Dataset entries
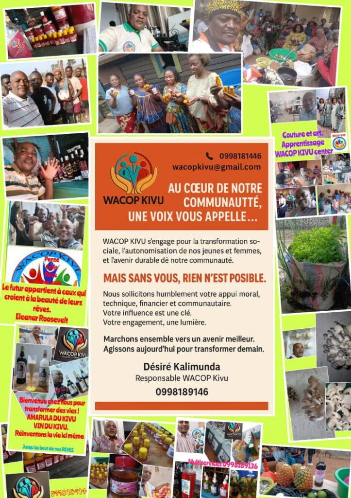 Inscrit dans une large vision d’une grande valeur de Penser, de Croire, de Rêver et d’Oser; Wacop kivu s’engage dans la transformation sociale, économique, l’autonomisation des jeunes et femmes, et l’avenir durable de la communauté, et la résilience socio-économique, affirme son PDG Désiré Kalimunda Kika.
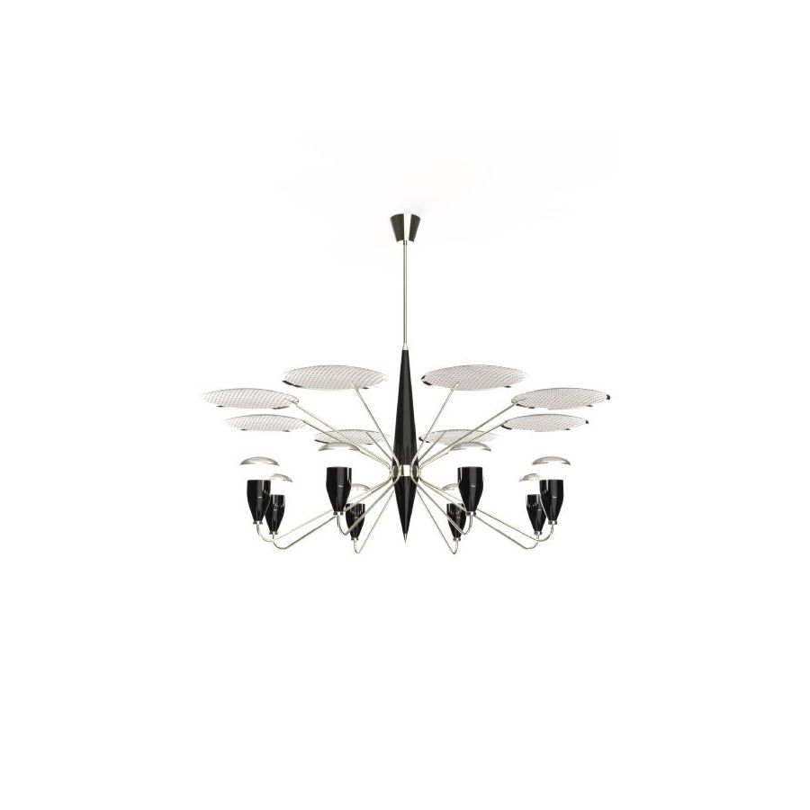Peggy modern chandelier has a 60’s feel that won’t go unnoticed. With a structure handmade in brass and with a top cover in perforated steel, this unique lamp has a nickel plated and matte white finish. The dazzling lighting design lamp shades are in matte black, making an incredible contrast with the matte white top cover, that characterizes this contemporary chandelier. With almost 18 pounds, Peggy chandelier light also offers the choice of having only 4 of the 8 diffusers lit on. Peggy is a great modern lighting solution for your living room decor and can also be used as a modern dining room chandelier.
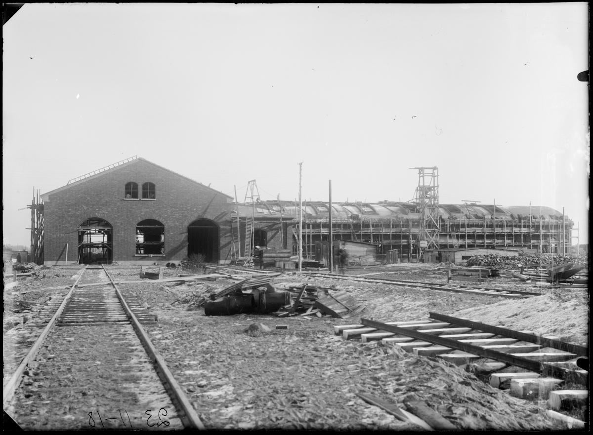 Titel: Byggnation av vagnverkstaden vid Statens Järnvägars Järnvägsverkstäder i Kirseberg, Malmö.
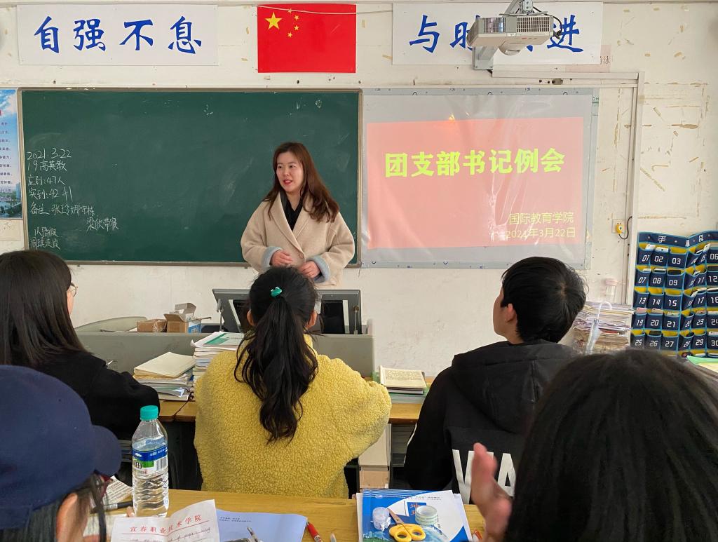 本站讯(国际教育学院 朱媛)3月22日中午11点40分,国际教育学院在第一教学楼X406教室召开了本学期第一次团支部书记例会,会议由国际教育学院团总支副书记周娇阳主持,院团总支书记朱媛和院学生会组织部负责人袁霞及各班团支部书记等30余人参加了本次会议。
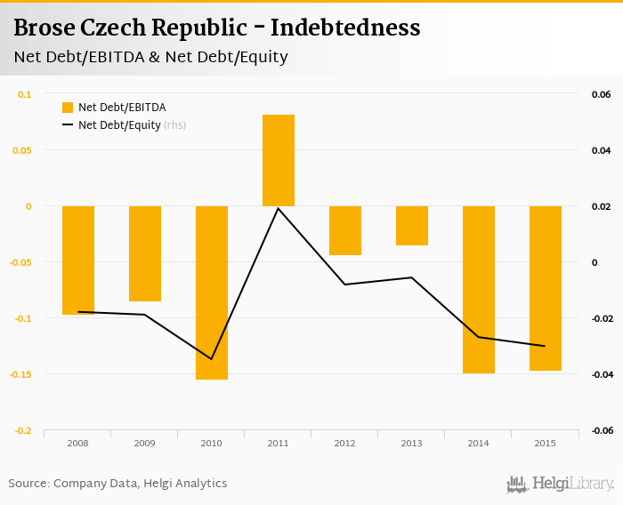 Brose Czech Republic's net debt stood at CZK -191 mil and accounted for -0.030 of equity at the end of 2015. The ratio is down 0.003 pp compared to the previous year.

▸ What is required
From the line containing "本站讯(国际教育学院 朱媛)" to the last line of the records above, return each line exactly, both ends included, and nothing more. Leave out the pictures.

▸ Answer to the problem
 本站讯(国际教育学院 朱媛)3月22日中午11点40分,国际教育学院在第一教学楼X406教室召开了本学期第一次团支部书记例会,会议由国际教育学院团总支副书记周娇阳主持,院团总支书记朱媛和院学生会组织部负责人袁霞及各班团支部书记等30余人参加了本次会议。
 Brose Czech Republic's net debt stood at CZK -191 mil and accounted for -0.030 of equity at the end of 2015. The ratio is down 0.003 pp compared to the previous year.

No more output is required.